Devenir son propre patron en bénéficiant de la notoriété d’une enseigne permet de limiter les risques. Mais attention à ne pas laisser s’installer un rapport de force défavorable avec le franchiseur.

Se fier aveuglément aux chiffres fournis par le franchiseur

Le document d’information précontractuelle (DIP) doit être fourni par le réseau au futur franchisé vingt jours minimum avant la signature du contrat de franchise (articles L.330-3 et R330-1 du Code de commerce issus de la loi Doubin). Outre les comptes des deux derniers exercices, une description du marché et les conditions de contractualisation, le DIP doit, entre autres, lister les cinquante franchisés les plus proches et leurs coordonnées, indiquer s’ils sont en redressement ou en liquidation, donner les motifs de sortie du réseau.

Malheureusement, « les candidats accordent trop peu d’importance à la rentabilité du réseau ou au turn-over alors que, chaque année, nombre de franchisés ferment boutique », regrette Rodolphe Galy-Dejean, fondateur de franchise-et-transparence.fr, lui-même ancien franchisé. Les données fournies par le DIP sont de toute façon insuffisantes pour juger. Si le franchiseur n’est pas en mesure de répondre aux interrogations, c’est mauvais signe. » Mal intentionné ou pas, ce dernier a tendance à « enjoliver la mariée et à manquer de transparence », relève Alain Lévy, co-auteur de La franchise, réussite ou arnaque !

À faire : « Pour savoir si le réseau progresse ou s’effondre, demandez au franchiseur les arriérés des redevances », préconise Charlotte Bellet, avocate au barreau de Paris. Si les franchisés ont du mal à payer, leur rentabilité peut être mise en doute. Ensuite, contactez 
le maximum d’entre eux. « Demandez-leur des éléments concrets : derniers chiffres d’affaires, marge brute, résultat net, etc. », conseille
 Alain Lévy.

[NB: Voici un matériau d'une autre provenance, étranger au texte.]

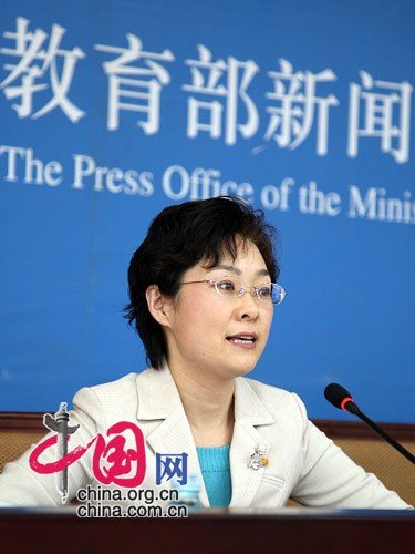 教育部新聞發言人續梅主持26日的新聞發布會。中國網 楊佳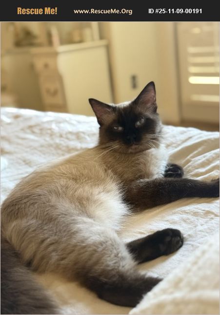 Meet Ivy - The Shadow with Sapphire Eyes Ivy is a stunning 5-year-old Siamese gentleman with striking blue eyes and a heart full of love. Life wasn't kind to him in the beginning - he was rescued from a severe hoarding situation where regular meals and affection were in short supply. Despite his rough start, Ivy has blossomed in foster care into a devoted and affectionate companion. True to his Siamese nature, Ivy loves to be involved in everything his human is doing. Whether you're folding laundry, typing at your desk, or just walking from room to room, expect Ivy right by your side - or, more accurately, under your feet! He's a loyal little shadow who wants to be part of your every move, so he'll do best in a home where the occasional 'cat trip hazard' won't pose a safety concern. Because of his past, Ivy is quite food-motivated and never misses a chance to investigate people food. His forever family will need to keep a close eye on him in the kitchen and at mealtimes to help him continue learning that his bowl will always be filled with love (and kibble!). Ivy has two speeds: full throttle playtime and deep, peaceful naps. He's athletic, curious, and loves to zoom around before curling up for a well-earned rest. He can be shy with new people or in unfamiliar environments, sometimes choosing to hide until he feels safe - but once he trusts you, you'll have a loyal companion who follows you everywhere. Ivy will do best as the solitary pet in a household. If you're looking for a beautiful, high-energy cat who will make sure you're never lonely, Ivy may just be your perfect match. He's ready to trade his difficult past for a bright, loving forever home.

Avec le nom des sociétés, vous pouvez « vérifier si les chiffres fournis correspondent bien à la réalité en consultant le site infogreffe.fr », poursuit l’avocate. Si vous ne les y trouvez pas, demandez pourquoi les comptes n’ont pas été déposés.

Négliger la concurrence 
des grandes surfaces et d’internet


Le plus souvent, le franchiseur fait miroiter une exclusivité territoriale. « Sauf qu’en général, il écarte les centres commerciaux, les magasins multimarques et Internet de l’exclusivité, constate Charlotte Bellet. Depuis deux ans, dans le prêt-à-porter notamment, les franchisés subissent une rude concurrence de la vente directe que le franchiseur organise en envoyant des promotions aux titulaires de cartes de fidélité enregistrés par les points de vente. C’est catastrophique ! Ces derniers n’obtiennent aucun pourcentage alors qu’ils servent de cabines d’essayage et de lieux de retour des produits. »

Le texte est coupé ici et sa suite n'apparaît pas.